My efforts:
Let the Abelian topological group $G$ be metrized by $\rho$, which is not invariant. We want to construct an invariant metric $d$ from $\rho$.
Define $\widetilde{\rho}(x,y):=$ max{$\rho(x,y),1$}. Then define $d(x,y):=$ sup$_{z\in G}|\widetilde{\rho}(z+x,0)-\widetilde{\rho}(z+y,0)|$. The sup must exist since $\widetilde{\rho}$ is continuous and bounded between 0 and 1.
We show $d$ is an invariant metric. Obviously $d(x,y)\geq 0$, $d(x,y)=d(y,x)$, $d(x,x)=0$, and $d(x+z,y+z)=d(x,y)$.
Next we show $d(x,y)=0\implies x=y$. If $d(x,y)=0$, i.e., the sup of a nonnegative function $|\widetilde{\rho}(z+x,0)-\widetilde{\rho}(z+y,0)|$ of $z$ is zero, it must be zero for all $z\in G$ and this can only happen when $x=y$.

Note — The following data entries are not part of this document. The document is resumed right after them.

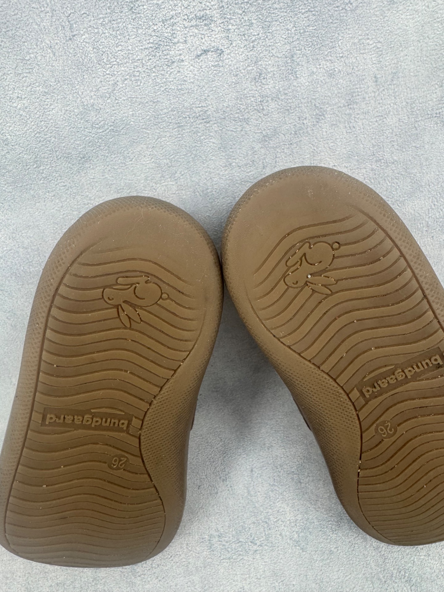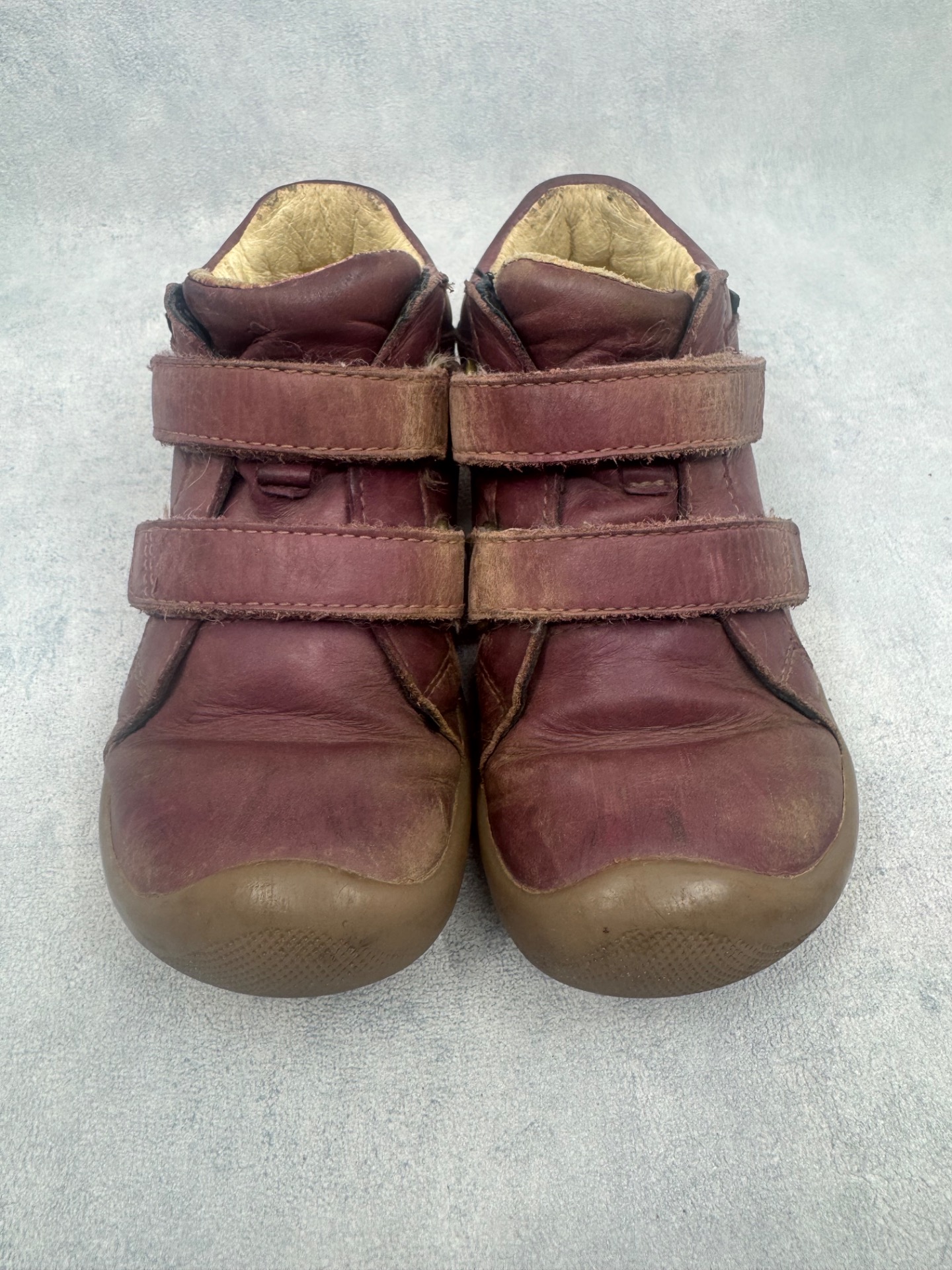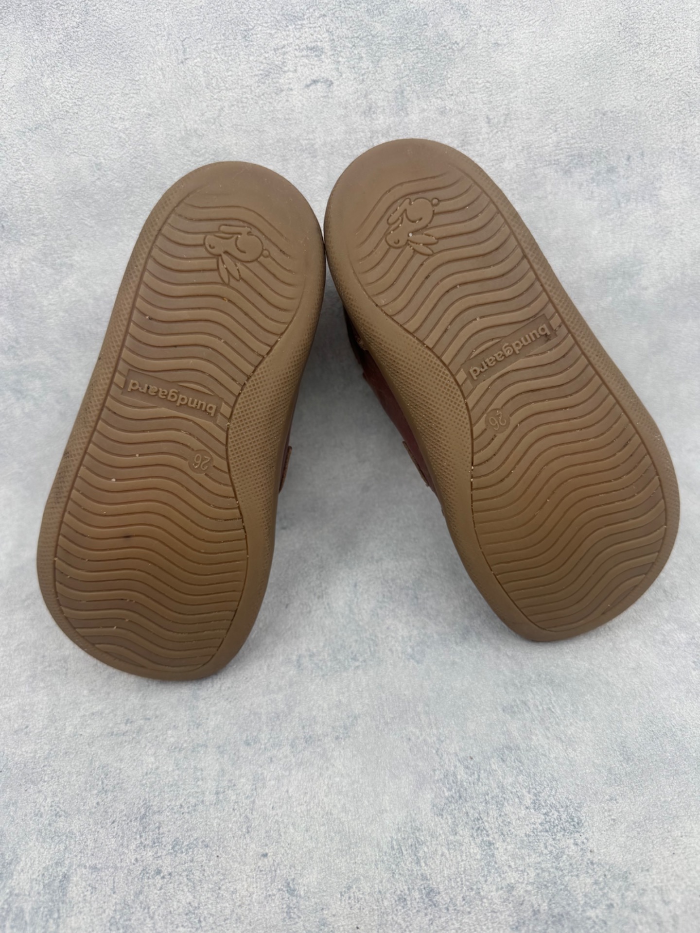 Hyväkuntoiset Bundgaardin paljasjalkakengät. Väri taittaa aavistuksen violettiin, tarrojen pinnat ovat vaaleanpunaiset. Pinta nahkaa, reilummin jo käytönjälkeä/ haalistumaa. Tarrat pitää erinomaisesti ja kengät on testattu juoksevan veden alla vedenpitäviksi. Joustava pohja.
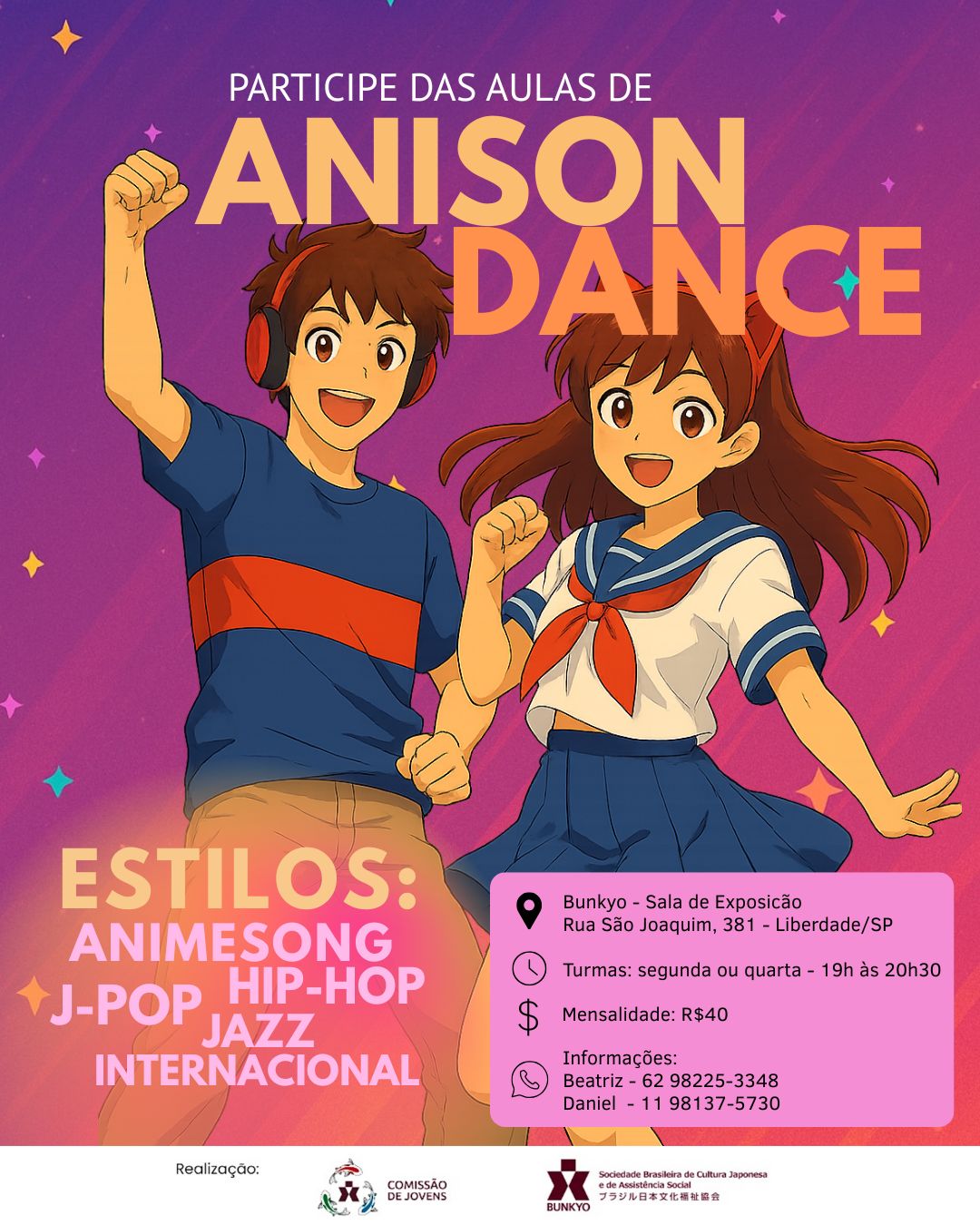 Vamos aprender com a professora Yukina Natsume, voluntária da JICA e a Comissão de Jovens do Bunkyo, a reproduzir coreografias populares e criar coreografias originais, com músicas famosas de animes e J-Pop!
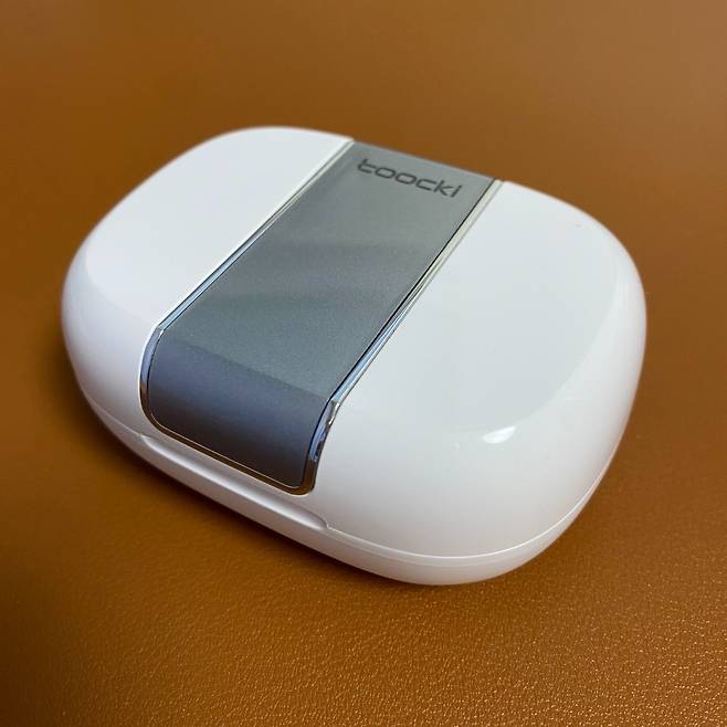 투키 귀걸이형 무선 이어폰 V90의 첫 인상은 고급지네요. 투키라는 프린트가 없다면 유명 브랜드의 제품이라고 해도 믿겠습니다. 케이스의 만듦새나 이어피스의 디자인이 싼티가 나지 않습니다. 케이스의 상단은 유광 플라스틱이며, 하단은 무광처리되어 있습니다. 처음에는 왜 서로 다른 재질로 처리되었는지 궁금했지만 유광과 무광을 교차하여 적용하기 때문에 그립감에도 도움이 되고, 단조로움을 피할 수 있는 것 같습니다. 특히 상단 중간을 가로지르는 실버 톤의 포인트가 디자인 요소이자 기능적으로 배터리 잔량을 보여주는 디스플레이 역할을 합니다.

The remaining thing to show is the triangular inequality.
$d(x,y)=$ sup$_{z\in G}|\widetilde{\rho}(z+x,0)-\widetilde{\rho}(z+y,0)|\leq$ sup$_{z\in G}(|\widetilde{\rho}(z+x,0)-\widetilde{\rho}(z+w,0)|+|\widetilde{\rho}(z+w,0)-\widetilde{\rho}(z+y,0)|)$
$\leq$ sup$_{z\in G}|\widetilde{\rho}(z+x,0)-\widetilde{\rho}(z+w,0)|$ + sup$_{z\in G}|\widetilde{\rho}(z+w,0)-\widetilde{\rho}(z+y,0)|=d(x,w)+d(w,y)$.
We only need to show that $d$ induces the same topology as $\widetilde{\rho}$, since $\widetilde{\rho}$ is also a metric inducing the same topology as $\rho$.

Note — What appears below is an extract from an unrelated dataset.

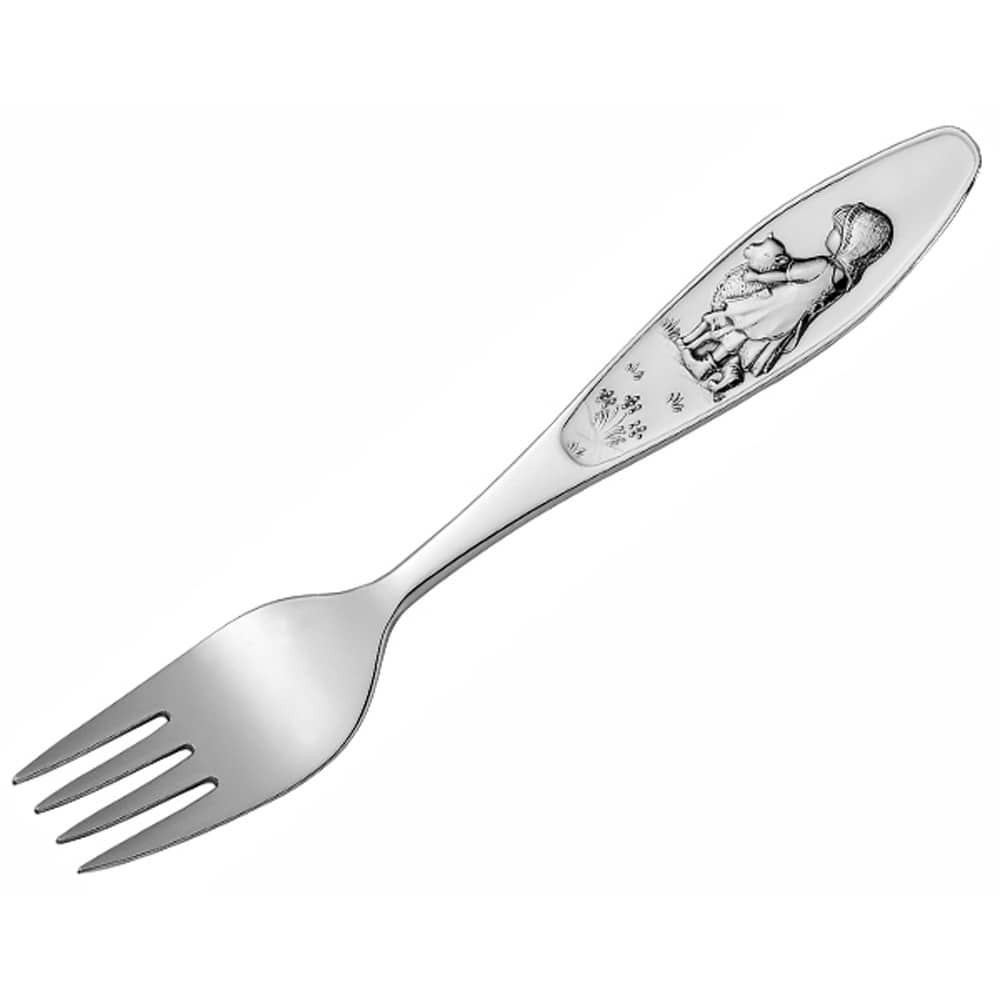 Barnegaffel i den fineste sølv, med motiv inspirert av den koselige barnesangen, Bæ bæ lille lam.
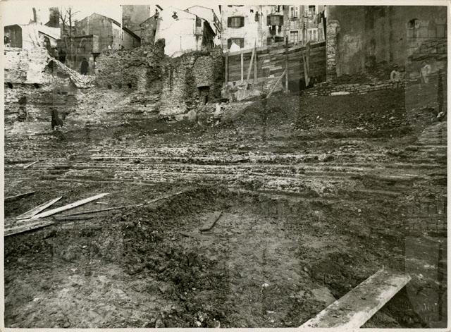 Scavo del teatro romano in Cittavecchia, tra le aree di Riborgo e Donota. La foto inquadra la porzione meridionale della cavea, di cui sono stati messi in luce il muro perimetrale e la parte più alta della gradinata dalla "summa cavea" fino ai primi gradini dell'"ima cavea", oltre la "praecinctio", ossia il corridoio semianulare che divide i due settori della gradinata. I gradini ripresi nella foto si collocano tra il terzo e il quarto "scalaria" partendo da est. Come si apprende dalla relazione mandata da l'ispettore che dirigeva le operazioni di recupero, il dott. B. Molajoli, a Rudolf Horn per la rivista Archäologischen Anzeiger del 1938, i gradini "erano in laterizi rivestiti di lastre di pietra". Nella foto sono ridotti per lo più al nucleo di opera incerta sul quale erano appoggiate le lastre lapidee.

Let $x\in G$ and $\epsilon>0$ be given. We need to find a $\delta>0$ such that $B_d(x,\delta)\subset B_\widetilde{\rho}(x,\epsilon)$, i.e., sup$_{z\in G}|\widetilde{\rho}(z+x,0)-\widetilde{\rho}(z+y,0)|<\delta\implies\widetilde{\rho}(x,y)<\epsilon$.

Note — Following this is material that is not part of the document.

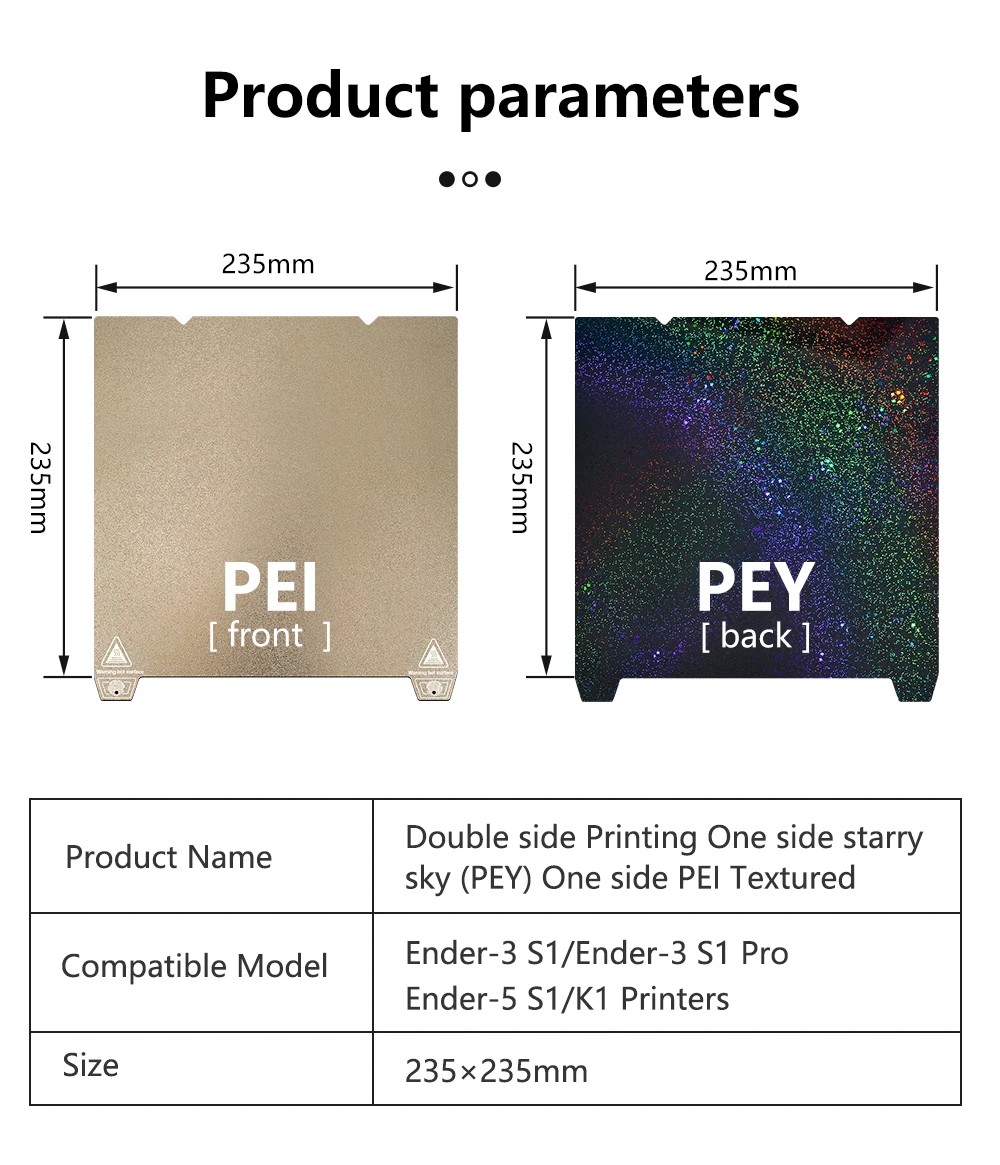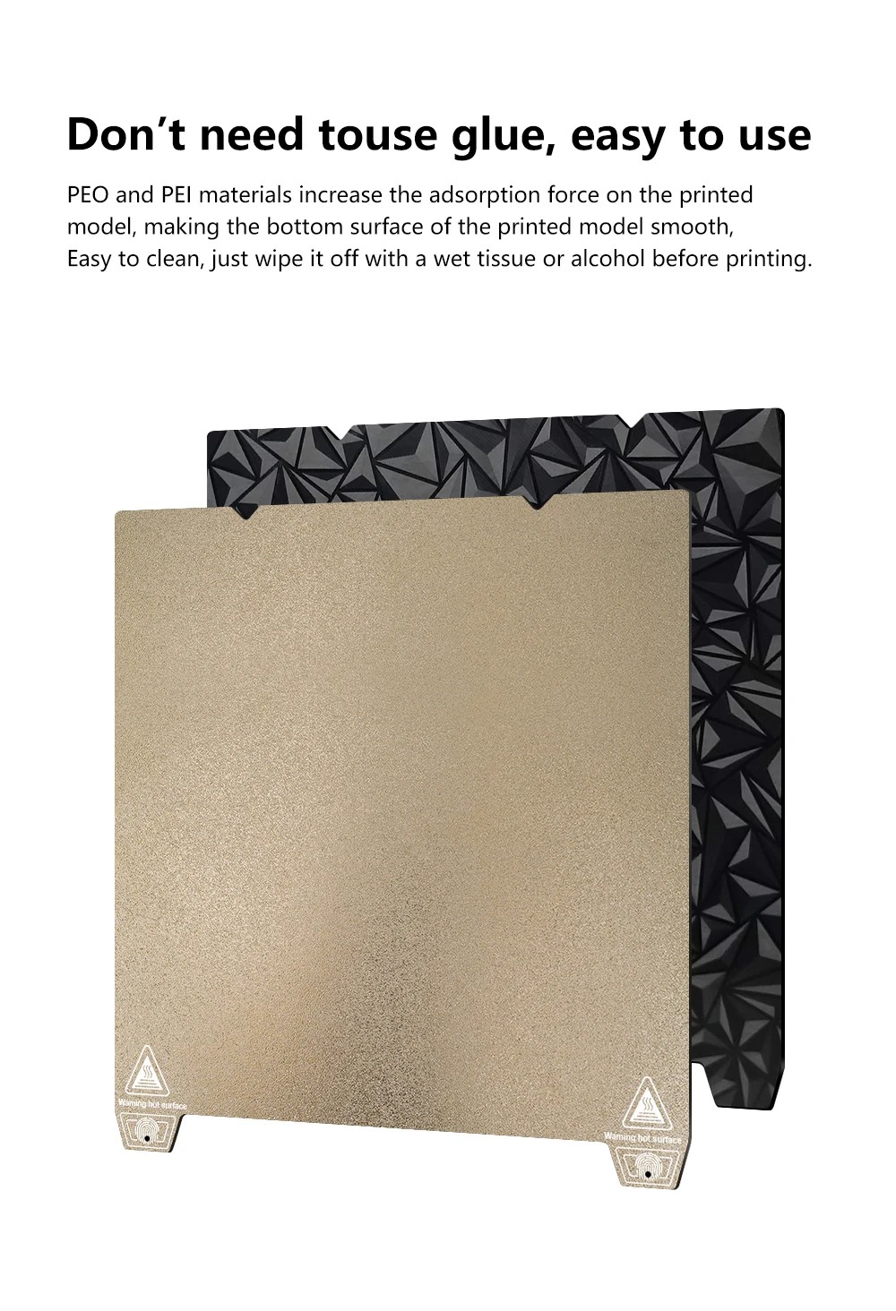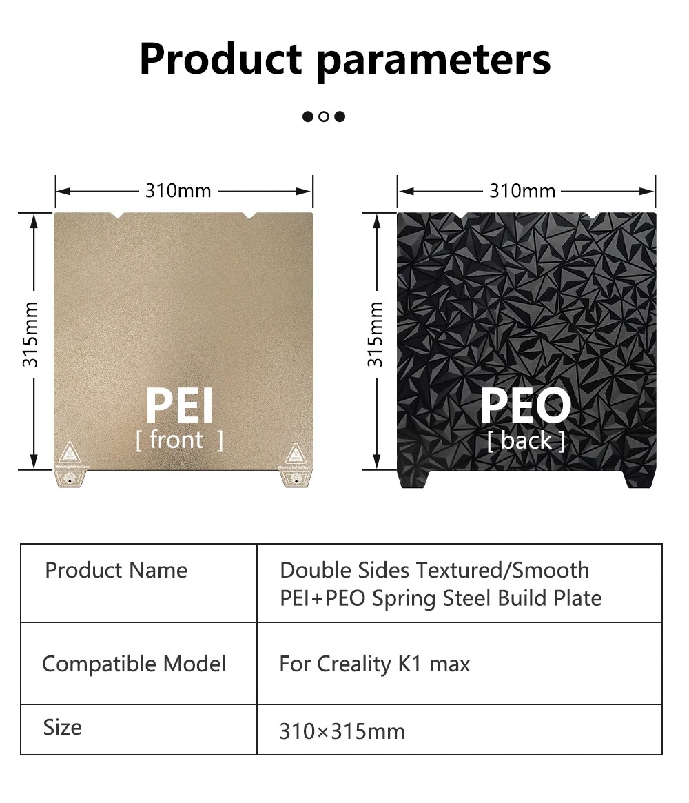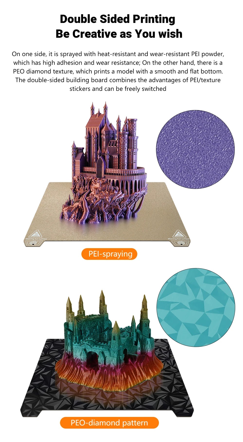 1. Double-Sided Printing: One side textured PEI for textured bases, and the other side smooth PEO surface for flat finishes.

I don't know how to find $\delta$.
The required claim is a corollary of well-known theorem (see, for instance, [AT, Corollary 3.3.13]) stating that a $T_0$ topological group is metrizable by a left-invariant metric iff it is first-countable. The proof of the theorem is well-known but rather long and technical. If you need details, I can copy for you the respective pages (151-155) from [AT].
On the other hand, I started the list of my publications from the paper [R] on constructing metrics on topological groups and I don’t see a direct construction of an invariant metric $d$ from the given metric $\rho$. Although, of course, I can miss some simple way, I guess we can encounter problems in straightforward attempts. For instance, if in your example we take $G=\Bbb R$ with $\rho(x,y)=|x^3-y^3|$, for each $x,y\in\Bbb R$ then we obtain $d(x,y)=1$ for each distinct $x,y\in\Bbb R$.
References
[AT] Alexander Arhangel'skii, Mikhail Tkachenko, Topological groups and related structures, Atlantis Press, Paris; World Sci. Publ., NJ, 2008.
[R] Alex Ravsky A. On extension of (pseudo-)metrics from subgroup of topological group onto the group, Matematychni Studii {\bf 11}:1 (1999) 31–39. (Example 2 is wrong and so Remark 7 should be modified too).